What the exercise asks: Keep to one stretch of the data below, the lines from the one with "3在锅里放入适量的油,待适温下蒜粒翻炒接着下入青红椒粒炒香。" up to and including the one with "Expected CC event", and return that stretch exactly.

Data for analysis:
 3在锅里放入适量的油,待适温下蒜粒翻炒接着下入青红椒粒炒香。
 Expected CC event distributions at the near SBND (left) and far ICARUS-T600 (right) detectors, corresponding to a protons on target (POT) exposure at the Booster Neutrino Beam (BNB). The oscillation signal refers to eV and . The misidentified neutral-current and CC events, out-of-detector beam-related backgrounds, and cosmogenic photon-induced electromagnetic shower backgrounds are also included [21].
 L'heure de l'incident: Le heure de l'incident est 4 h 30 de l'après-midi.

==

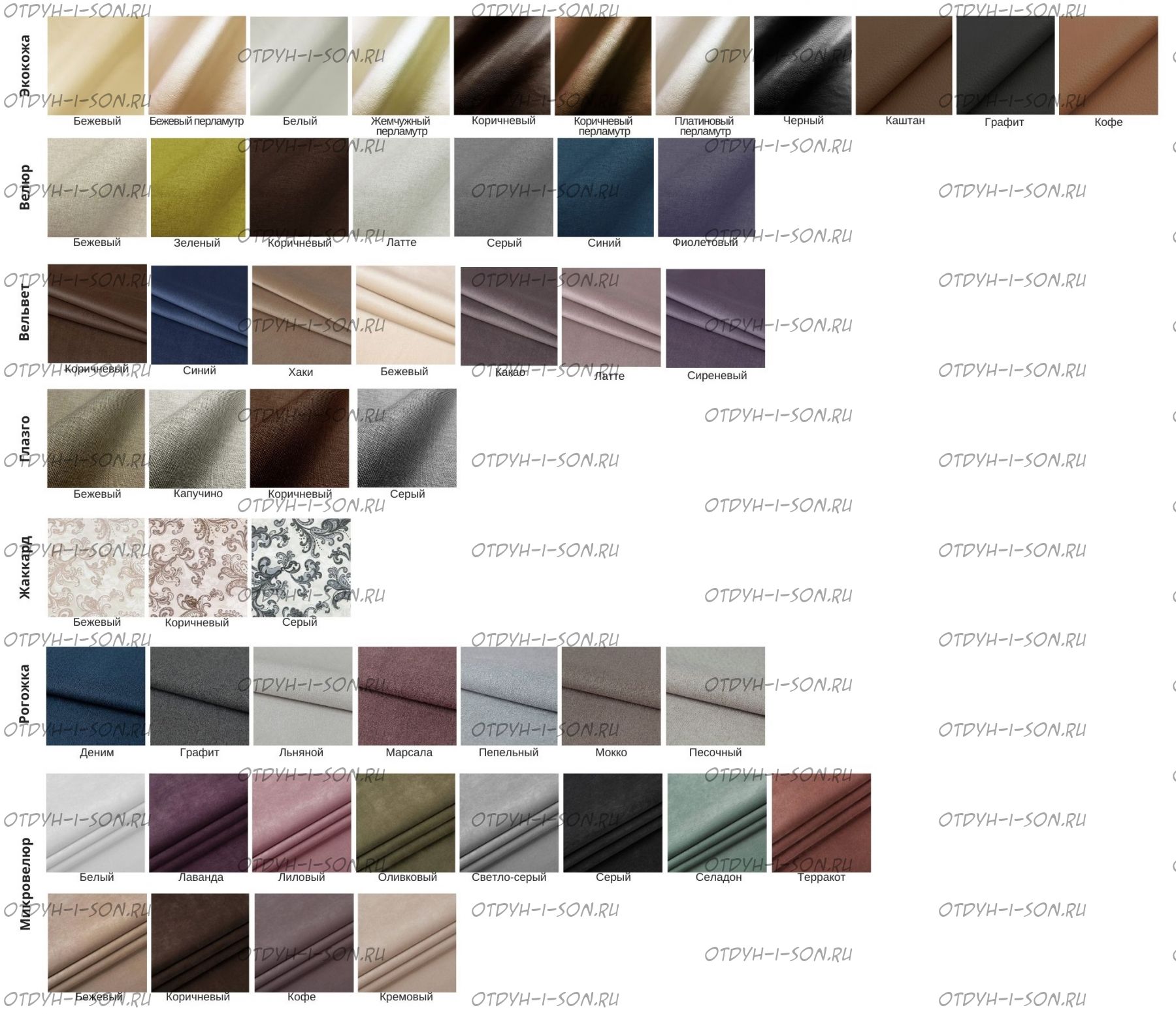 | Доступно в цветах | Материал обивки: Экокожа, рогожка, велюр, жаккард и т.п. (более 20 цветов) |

--

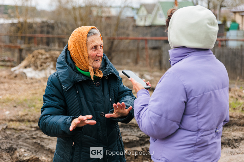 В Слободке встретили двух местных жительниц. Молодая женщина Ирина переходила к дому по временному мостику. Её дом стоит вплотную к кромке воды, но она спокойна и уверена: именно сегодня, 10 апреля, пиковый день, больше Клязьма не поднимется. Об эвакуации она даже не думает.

Response area:
 3在锅里放入适量的油,待适温下蒜粒翻炒接着下入青红椒粒炒香。
 Expected CC event distributions at the near SBND (left) and far ICARUS-T600 (right) detectors, corresponding to a protons on target (POT) exposure at the Booster Neutrino Beam (BNB). The oscillation signal refers to eV and . The misidentified neutral-current and CC events, out-of-detector beam-related backgrounds, and cosmogenic photon-induced electromagnetic shower backgrounds are also included [21].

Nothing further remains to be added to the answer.